通过 plot_confusion_matrix 函数返回的ConfusionMatrixDisplay对象的ax_属性可以访问Axes对象。

如果已有混淆矩阵，也可以直接通过ConfusionMatrixDisplay类输出混淆矩阵图。

ConfusionMatrixDisplay(confusion_matrix, display_labels) ConfusionMatrixDisplay.plot(include_values=True, cmap='viridis', xticks_rotation='horizontal', values_format=None, ax=None) disp_2 = ConfusionMatrixDisplay(disp.confusion_matrix, display_labels=[0,1,2]).plot() # disp_2.figure_.savefig() disp_2.figure_

从二分类到多分类、多标签

一些评价指标基本上是为二分类任务定义的（例如 f1_score、roc_auc_score）。在这些情况下，默认情况下仅评估 positive label。
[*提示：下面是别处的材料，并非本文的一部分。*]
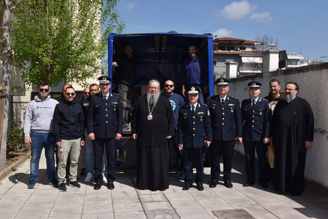Ενόψει του εορτασμού του Πάσχα, το προσωπικό της Γενικής Περιφερειακής Αστυνομικής Διεύθυνσης (ΓΕ.Π.Α.Δ.) Θεσσαλίας και της Διεύθυνσης Αστυνομίας Λάρισας, με την πολύτιμη αρωγή φίλων του Σώματος, συγκέντρωσαν τρόφιμα, τα οποία παραδόθηκαν στην Ιερά Μητρόπολη Λαρίσης και Τυρνάβου για την ενίσχυση των συσσιτίων της «Ο Επιούσιος».
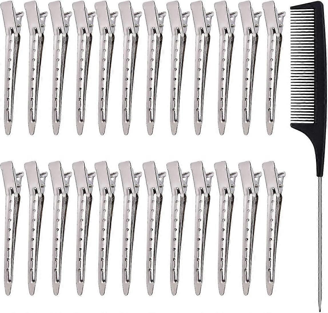 24pcs Hair Clips 3.5 Inch Duckbill Clips Metal Hairdressing Clips With Styling Comb
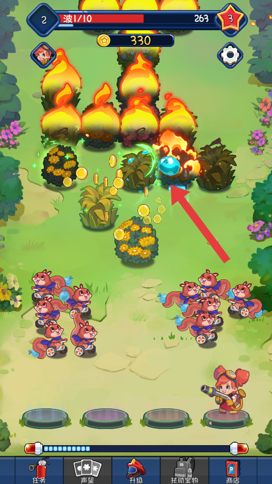 2、对于战斗单位如骑小车的松鼠,采用拖拽相同单位进行合成,合成后的松鼠会拥有属性,都能发挥更大作用。
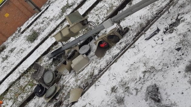 Он выложил также снимки последствий аварии. На фото видно, что упавший светофор перегородил трамвайные пути. Через эту остановку проходит маршрут трамвая №7. О пострадавших не сообщается.
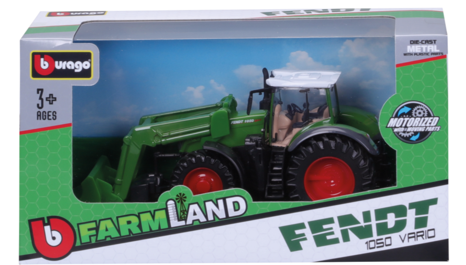 Der lizenzierte Traktor im Look des Fendt 1050 Vario begeistert kleine Traktor-Fans mit vielen realistischen Details. Das robuste Modell besteht aus stabilem Metall und widerstandsfähigem Kunststoff – ideal für stundenlanges Spielen im Kinderzimmer oder draußen im Garten.

将 binary metric 拓展到 multiclass 或 multilabel 问题时，数据将被视为二分类问题的集合，每个类都有一个metric。例如，以下两种情况都被拆分为3个二分类任务：

multiclass task: [1, 2, 3] multilabel task: [1, 0, 1]

然后各个类的metric将以某种方式作均值运算，得到的均值将作为 multiclass 或 multilabel 问题的评价指标。均值运算的方式通过 average 参数指定。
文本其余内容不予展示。